Quebeckers are the largest consumers of water in Canada, says De Ladurantaye. They use 573 liters a day, according to data from the Ministry of Municipal Affairs, which is 28% more than the Canadian average. However, obsolete aqueduct systems result in significant losses of drinking water.
These losses have significant impacts because they force municipalities to filter more water than necessary, which increases costs, says De Ladurantaye. In addition, a large volume of the drinking water lost ends up in the sewer systems, which also costs the sewage treatment plant, he adds. “Look at the bad state of our roads. It’s because of a letting go. Imagine the state of infrastructure that you do not see, “he says.
The new Québec Drinking Water Strategy 2019-2025 aims to reduce the amount of drinking water distributed per person by 20%. To achieve this, a change in consumer behavior is necessary, opines Mr.
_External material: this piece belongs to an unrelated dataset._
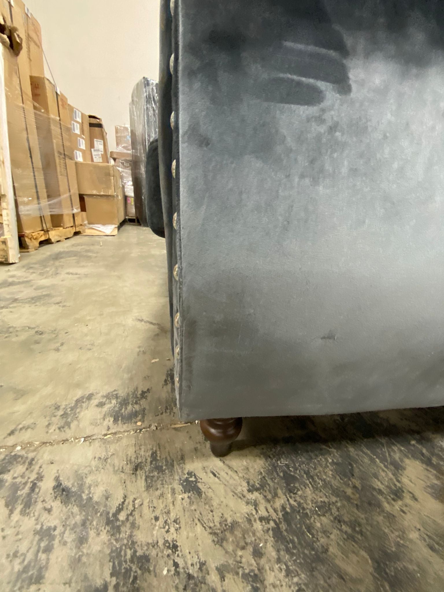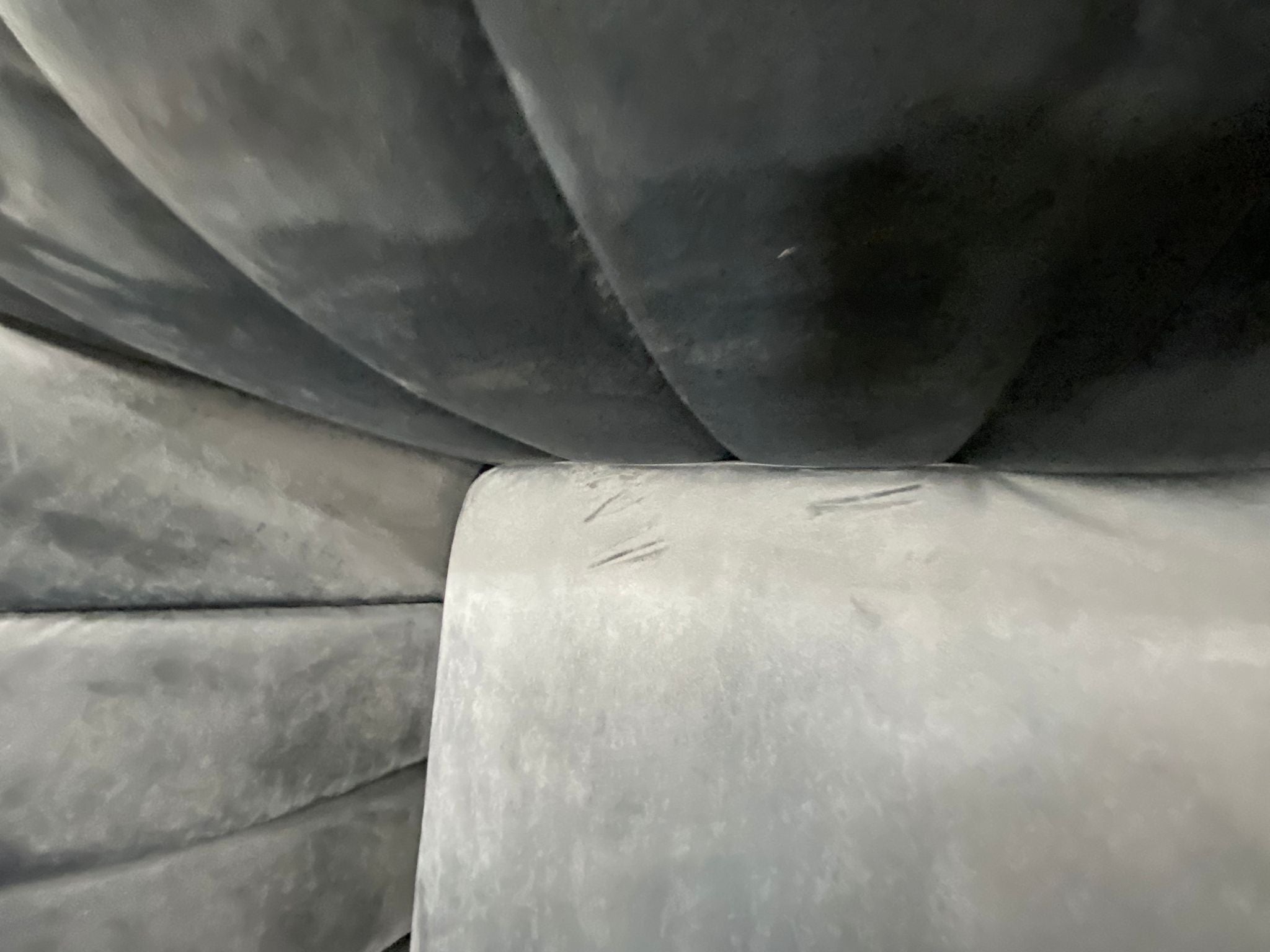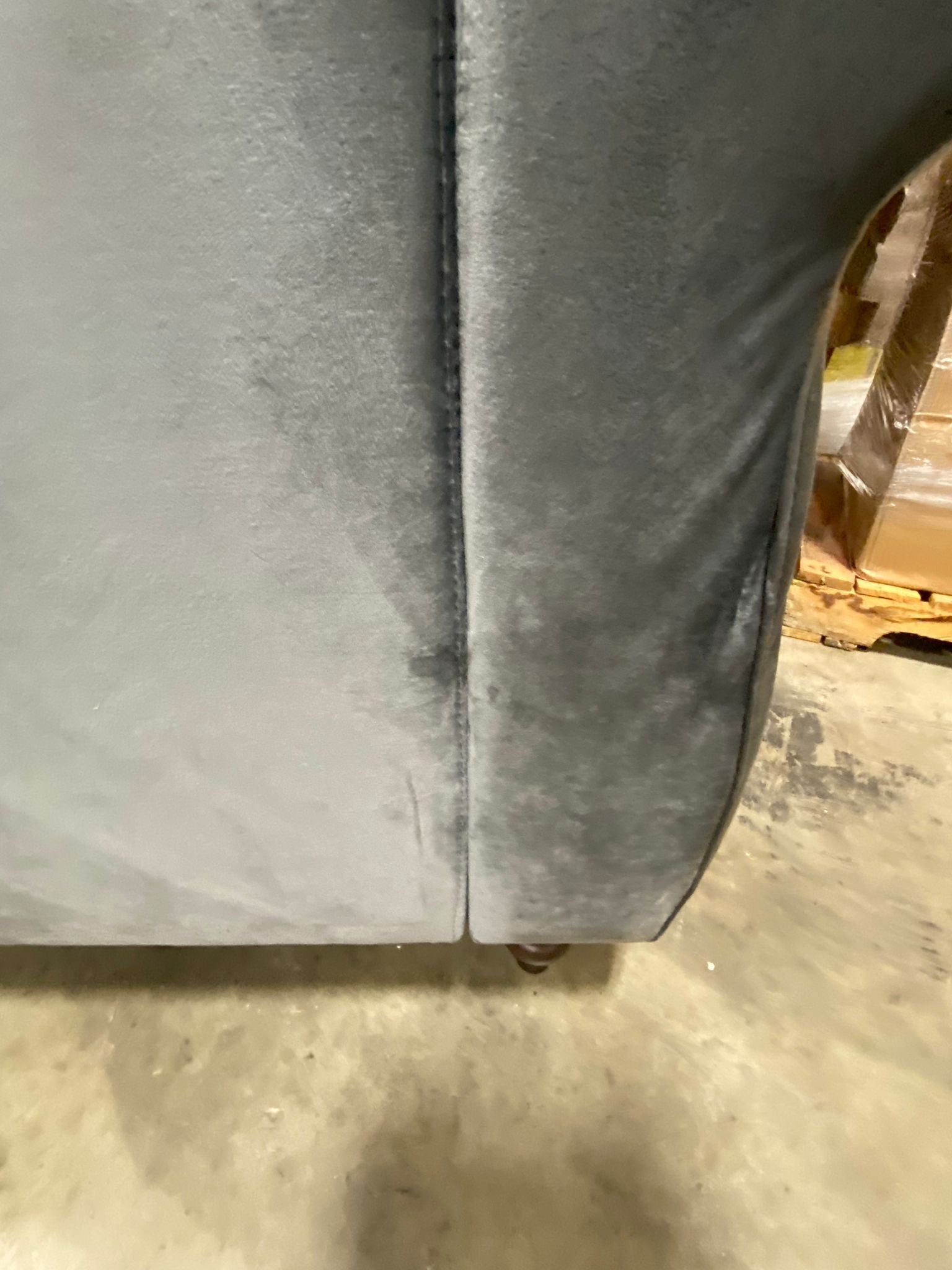 Out of box, The color is gray, Item has some imperfections in the velvet on back side/side panels/cushion seat of sofa. Side panels have some mild scuffing due to open shipment. See photos. Item in otherwise good condition.

De Ladurantaye. It has always been difficult, he said at once. The best way, according to him, to improve the balance sheet in terms of preservation of drinking water is to fill the gaps in the distribution networks.
In its last strategy, the 2011-2017 strategy, Quebec’s objective was to reduce them by 20%. The goal has not been achieved. Significant investments must be made in the aqueduct networks to reach this target, thinks Mr. De Ladurantaye.